Is WND passive-aggressively admitting that it too is a bimbo for giving Chandler a forum?
'Shades of Opinion' Topic: Media Research Center
A Dec. 15 NewsBusters post by Greg Sheffield tries (and fails) to get snarky over a Washington Post editor's insistence that the Post "is NOT a 'relatively liberal newspaper.'" During an online chat, Post associate editor Robert G. Kaiser wrote:
This is NOT a 'relatively liberal newspaper.' This is the Web site of the Washington Post, where all shades of opinion are welcome all the time, as they are on The Post's op-ed page (heavily populated by conservative commentators, among others) and our Sunday Outlook section.
Sheffield's response: "Kaiser offered no defense of the A section, the place that has many "shades of opinion" all from the left.
Sheffield offered no evidence of his claim.
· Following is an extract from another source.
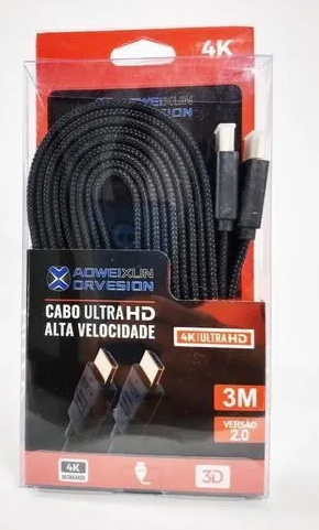 Cabo Hdmi 19 pinos, 2.0 Ethernet com 03 Metros de comprimento.
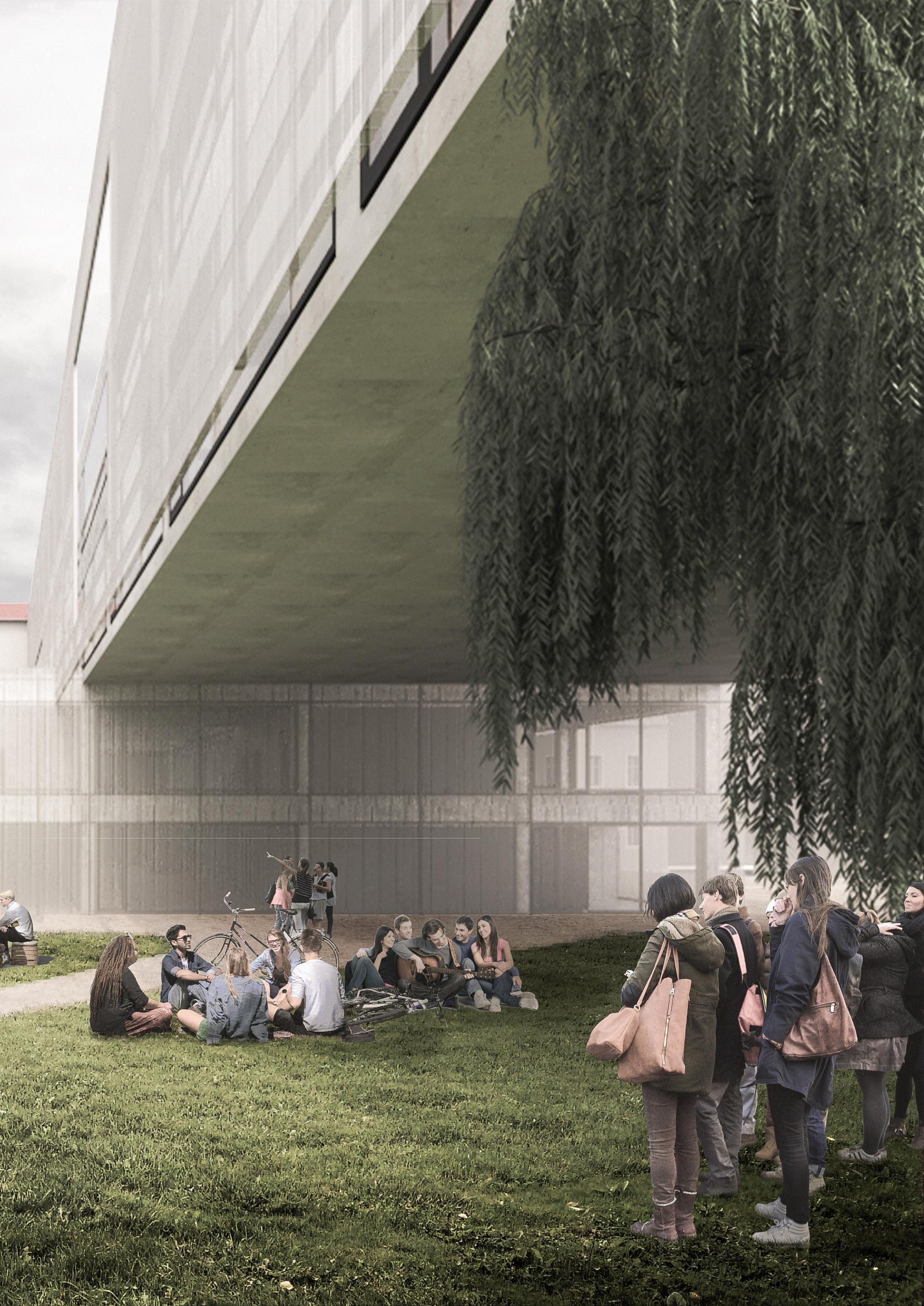 Nově přesunutá fakulta má využívat jednu ze zde stojícíh budov v doplnění o přístavbu zaručující dostatečnýprostorprokreativnítvorbustudentů.

He might want to try that sometime.
The Rest of the Story Topic: WorldNetDaily
When a news organization such as WorldNetDaily relies on press releases from conservative legal groups for articles, then fails to go beyond them, this results in a highly biased, if not basically untrue, article. And so it is with WND's reports that a Wisconsin school district had allegedly replaced "Silent Night" with a song with the same tune but different lyrics called "Cold in the Night."
WND articles on Dec. 7 and Dec. 14 on the controversy hewed closely to pressreleases sent out by Liberty Counsel, and WND made no effort to contact the school district for a response.
And what was the rest of the story that WND couldn't be bothered to pursue? As Think Progress points out, the song "Cold in the Night" comes from a play the school was to perform called "The Little Tree’s Christmas Gift," about a small, lonely Christmas tree that is told it is "too scraggly, it will never sell." The tree sings the revised lyrics in a scene lamenting his sad state. The rewording has absolutely nothing to do with "secularizing" the song.
See what happens when you rely only on one side's version of the story? You don't tell the truth. WND has a problem with that.
Good Question Topic: WorldNetDaily Pandagon asks an interesting question: Why does WorldNetDaily seem concerned only with older women having sex with teen boys? We don't recall WND highlighting any articles about older male teachers having sex with female students. After all, a 22-year-old man impregnating a 13-year-old barely raised WND's ire.
Any of you WND folks lurking here want to answer that?